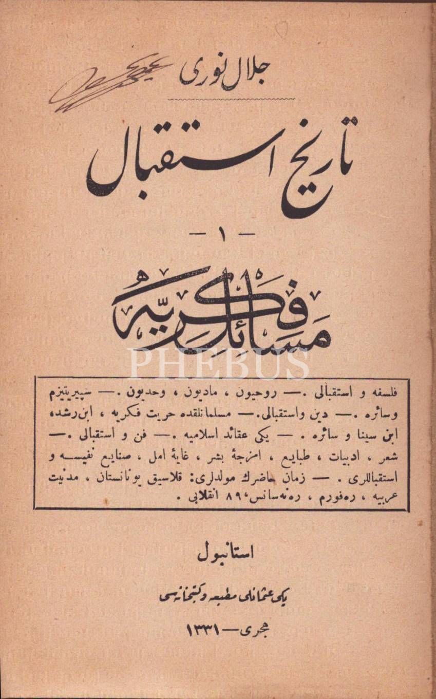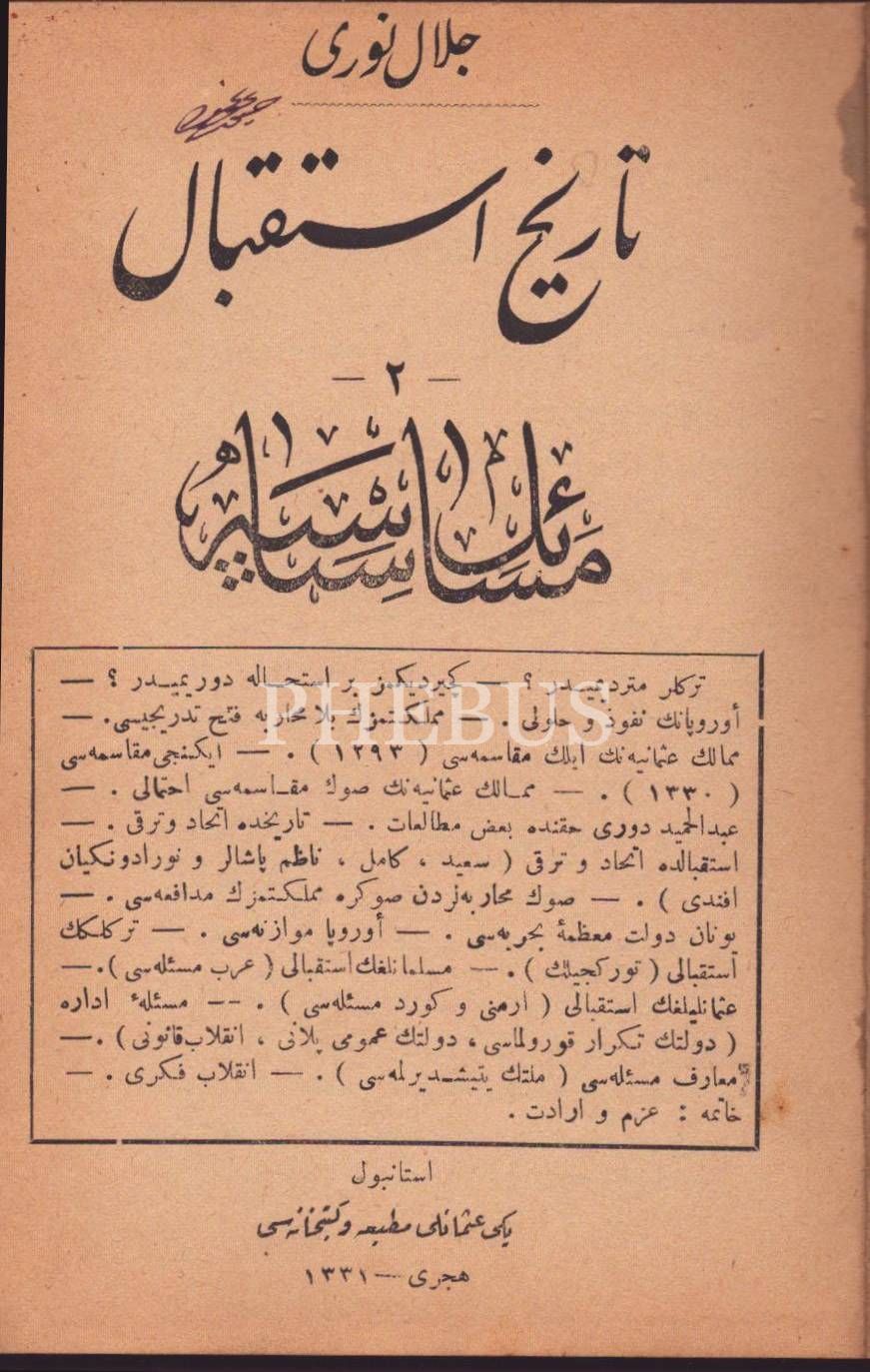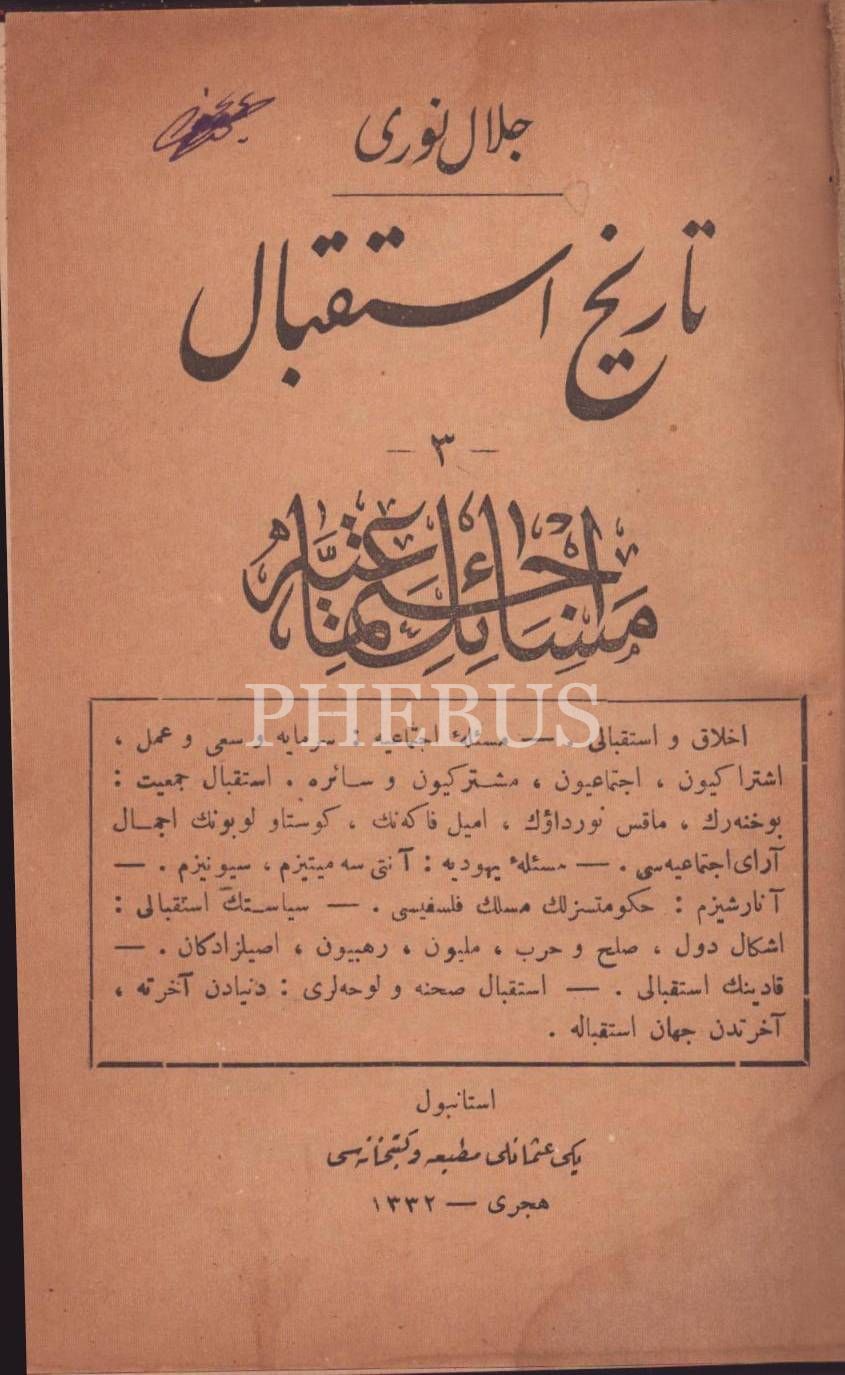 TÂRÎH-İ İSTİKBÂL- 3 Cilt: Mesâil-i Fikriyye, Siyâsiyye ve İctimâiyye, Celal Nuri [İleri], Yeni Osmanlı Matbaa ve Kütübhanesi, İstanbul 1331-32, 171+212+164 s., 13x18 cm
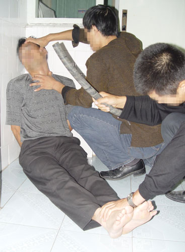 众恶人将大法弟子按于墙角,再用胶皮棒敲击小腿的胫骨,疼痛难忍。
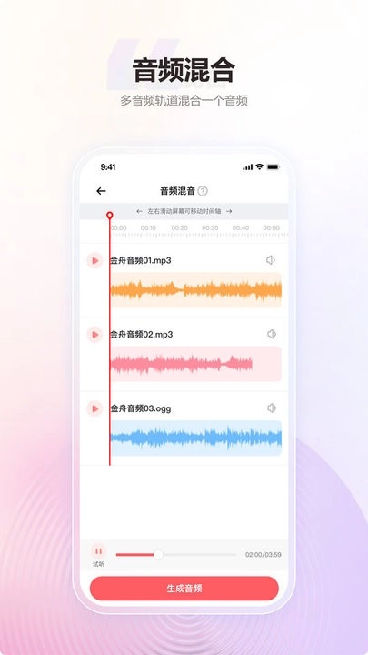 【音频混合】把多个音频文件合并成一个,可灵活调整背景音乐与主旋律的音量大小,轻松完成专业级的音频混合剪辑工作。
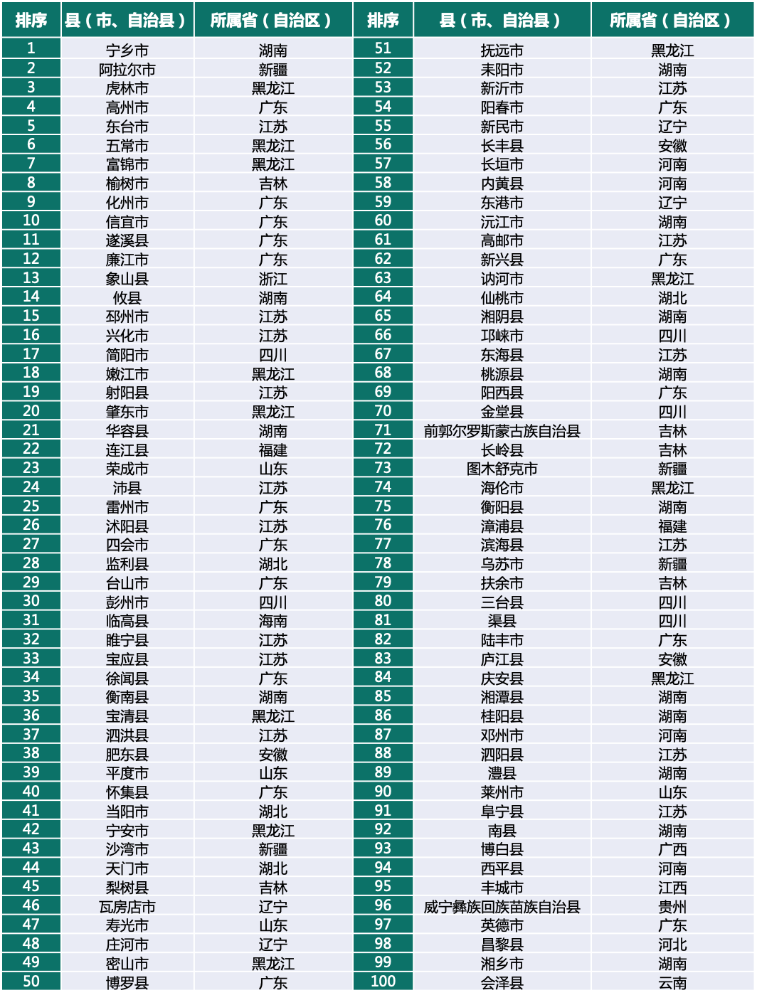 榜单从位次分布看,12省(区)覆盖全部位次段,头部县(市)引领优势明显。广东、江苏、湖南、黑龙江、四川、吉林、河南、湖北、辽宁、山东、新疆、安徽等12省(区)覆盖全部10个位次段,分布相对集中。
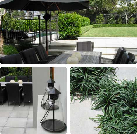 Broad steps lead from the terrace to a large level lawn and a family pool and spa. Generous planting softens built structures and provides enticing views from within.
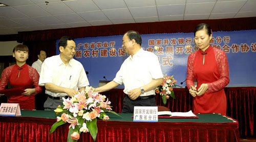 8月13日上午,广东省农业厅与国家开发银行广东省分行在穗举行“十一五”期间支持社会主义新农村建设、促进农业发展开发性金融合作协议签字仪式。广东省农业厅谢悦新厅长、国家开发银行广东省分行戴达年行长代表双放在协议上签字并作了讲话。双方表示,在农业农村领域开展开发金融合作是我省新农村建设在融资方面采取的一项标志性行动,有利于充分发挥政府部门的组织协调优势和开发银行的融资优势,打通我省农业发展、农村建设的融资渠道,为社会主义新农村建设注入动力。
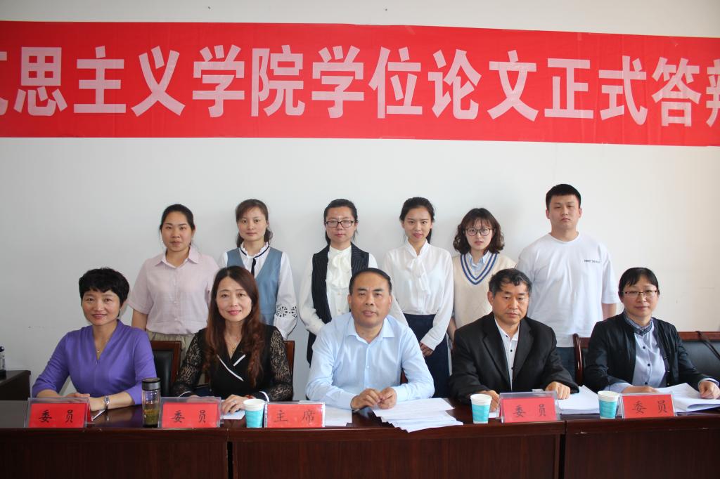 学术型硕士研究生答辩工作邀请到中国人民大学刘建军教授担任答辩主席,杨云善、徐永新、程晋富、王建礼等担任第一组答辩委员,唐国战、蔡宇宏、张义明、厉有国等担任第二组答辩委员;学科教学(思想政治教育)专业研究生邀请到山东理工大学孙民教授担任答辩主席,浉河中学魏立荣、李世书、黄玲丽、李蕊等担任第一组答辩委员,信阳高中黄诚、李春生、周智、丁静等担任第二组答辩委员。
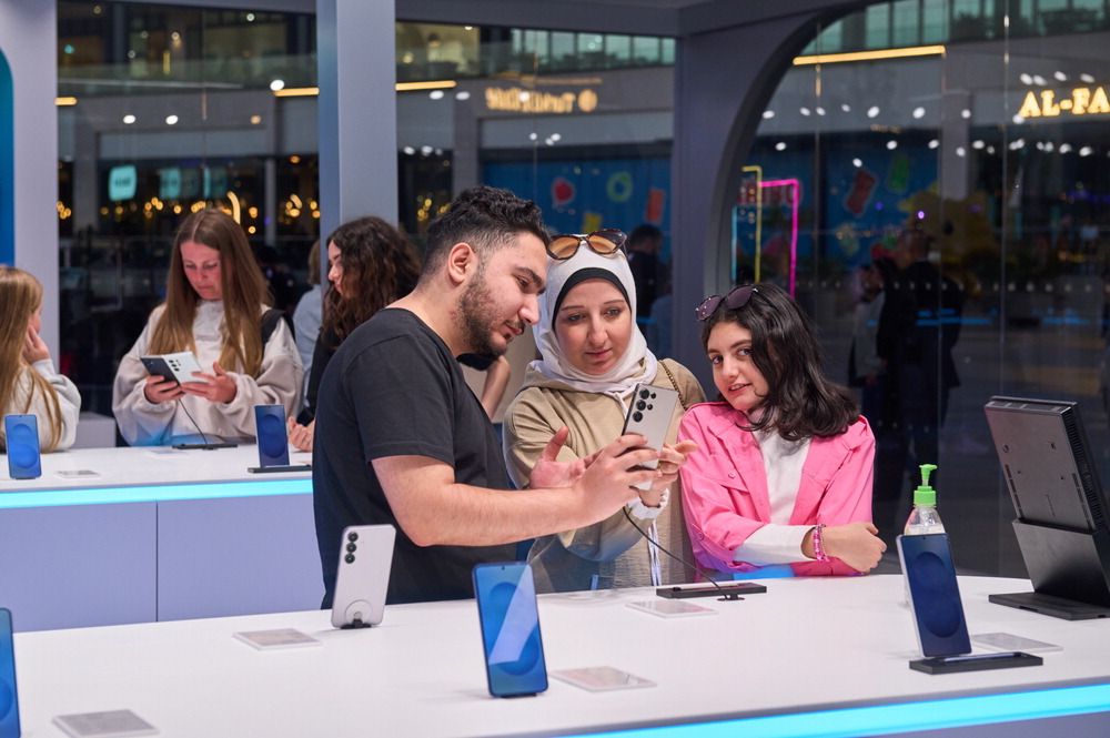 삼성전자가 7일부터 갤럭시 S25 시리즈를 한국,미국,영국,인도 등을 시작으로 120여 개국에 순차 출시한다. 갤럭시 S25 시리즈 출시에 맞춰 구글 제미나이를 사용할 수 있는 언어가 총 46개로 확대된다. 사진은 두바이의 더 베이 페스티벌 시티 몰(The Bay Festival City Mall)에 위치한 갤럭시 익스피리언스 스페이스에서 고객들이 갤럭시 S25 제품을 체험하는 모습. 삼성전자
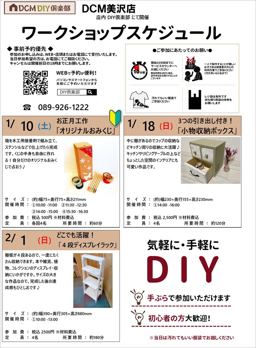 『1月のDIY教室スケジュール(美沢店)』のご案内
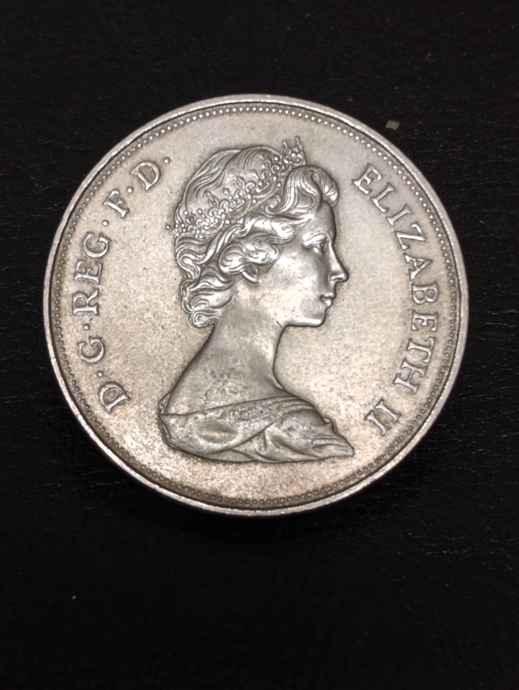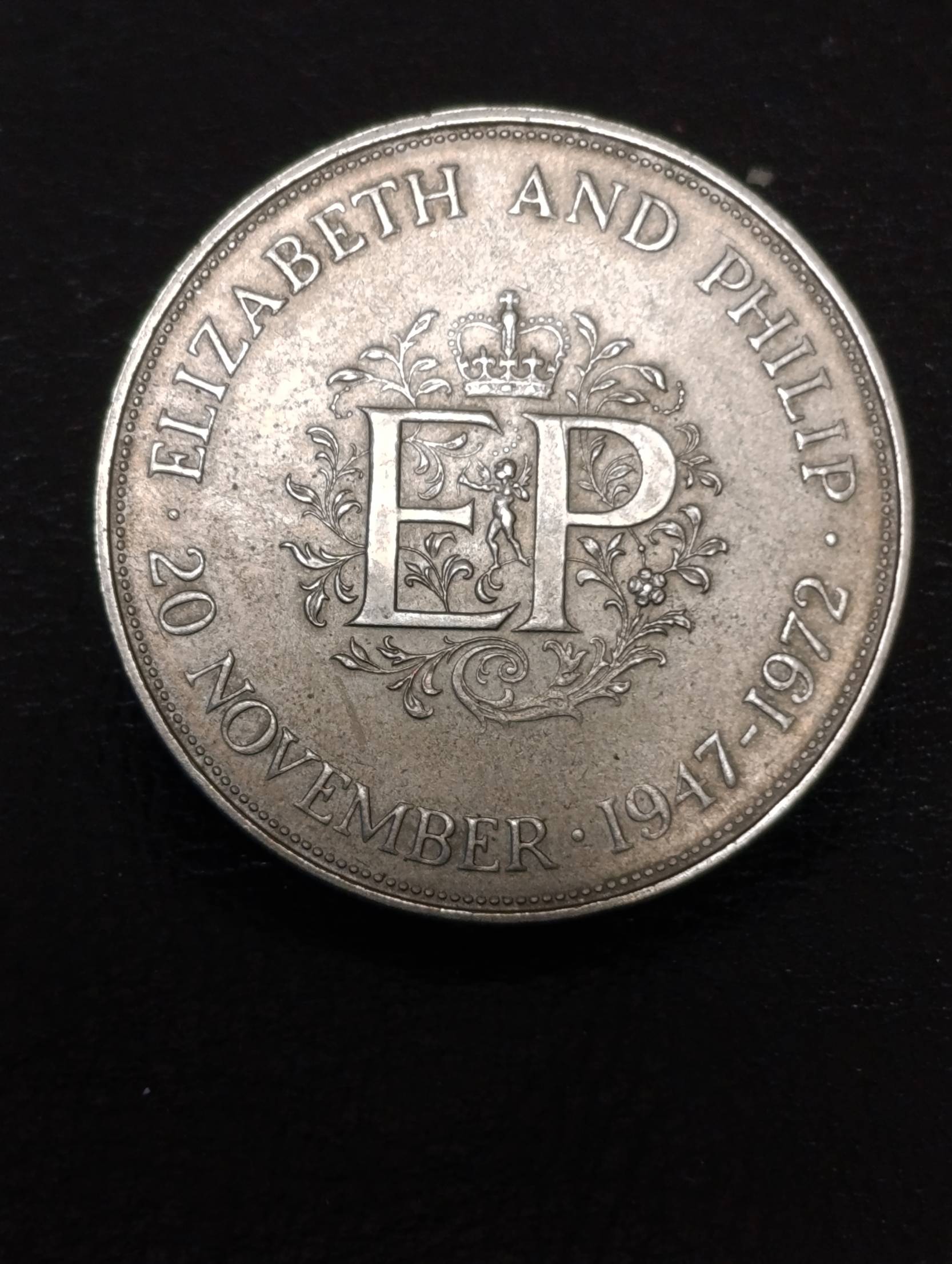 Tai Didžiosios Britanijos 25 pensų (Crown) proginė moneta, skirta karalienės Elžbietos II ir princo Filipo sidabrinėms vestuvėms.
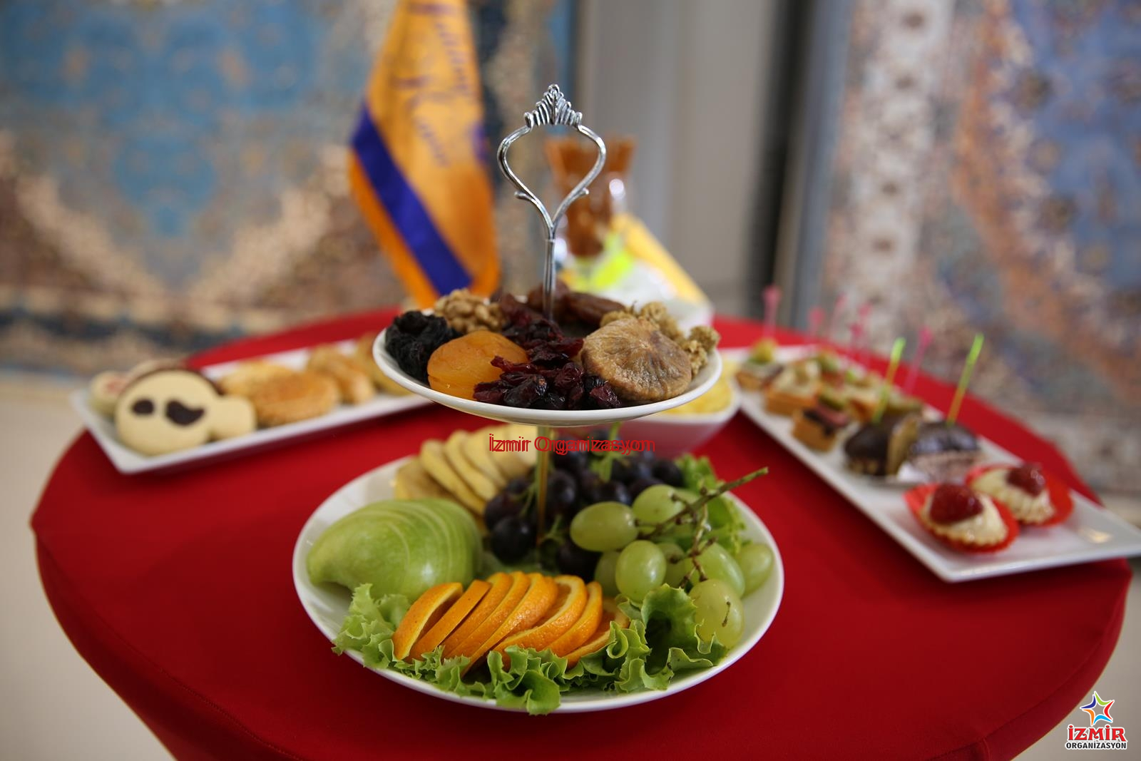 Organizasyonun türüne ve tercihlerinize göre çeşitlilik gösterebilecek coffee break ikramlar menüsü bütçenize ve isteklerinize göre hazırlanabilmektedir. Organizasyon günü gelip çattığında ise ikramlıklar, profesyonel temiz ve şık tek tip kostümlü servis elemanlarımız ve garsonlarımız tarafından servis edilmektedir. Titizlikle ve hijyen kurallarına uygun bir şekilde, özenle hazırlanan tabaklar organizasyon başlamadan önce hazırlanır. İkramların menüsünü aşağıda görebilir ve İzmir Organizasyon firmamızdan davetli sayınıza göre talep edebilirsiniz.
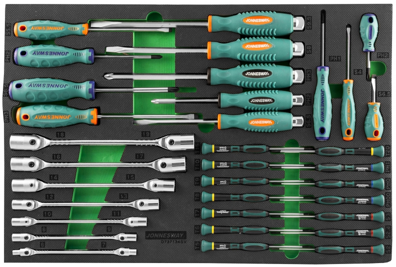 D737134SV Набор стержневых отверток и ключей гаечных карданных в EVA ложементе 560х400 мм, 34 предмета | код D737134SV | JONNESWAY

-----

* [TASK INSTRUCTIONS]:
Starting with the line that contains "学术型硕士研究生答辩工作邀请", reproduce every line down to the end of the listing above, both endpoints included. Pictures stay out.

* [RESPONSE BOX]:
 学术型硕士研究生答辩工作邀请到中国人民大学刘建军教授担任答辩主席,杨云善、徐永新、程晋富、王建礼等担任第一组答辩委员,唐国战、蔡宇宏、张义明、厉有国等担任第二组答辩委员;学科教学(思想政治教育)专业研究生邀请到山东理工大学孙民教授担任答辩主席,浉河中学魏立荣、李世书、黄玲丽、李蕊等担任第一组答辩委员,信阳高中黄诚、李春生、周智、丁静等担任第二组答辩委员。
 삼성전자가 7일부터 갤럭시 S25 시리즈를 한국,미국,영국,인도 등을 시작으로 120여 개국에 순차 출시한다. 갤럭시 S25 시리즈 출시에 맞춰 구글 제미나이를 사용할 수 있는 언어가 총 46개로 확대된다. 사진은 두바이의 더 베이 페스티벌 시티 몰(The Bay Festival City Mall)에 위치한 갤럭시 익스피리언스 스페이스에서 고객들이 갤럭시 S25 제품을 체험하는 모습. 삼성전자
 『1月のDIY教室スケジュール(美沢店)』のご案内
 Tai Didžiosios Britanijos 25 pensų (Crown) proginė moneta, skirta karalienės Elžbietos II ir princo Filipo sidabrinėms vestuvėms.
 Organizasyonun türüne ve tercihlerinize göre çeşitlilik gösterebilecek coffee break ikramlar menüsü bütçenize ve isteklerinize göre hazırlanabilmektedir. Organizasyon günü gelip çattığında ise ikramlıklar, profesyonel temiz ve şık tek tip kostümlü servis elemanlarımız ve garsonlarımız tarafından servis edilmektedir. Titizlikle ve hijyen kurallarına uygun bir şekilde, özenle hazırlanan tabaklar organizasyon başlamadan önce hazırlanır. İkramların menüsünü aşağıda görebilir ve İzmir Organizasyon firmamızdan davetli sayınıza göre talep edebilirsiniz.
 D737134SV Набор стержневых отверток и ключей гаечных карданных в EVA ложементе 560х400 мм, 34 предмета | код D737134SV | JONNESWAY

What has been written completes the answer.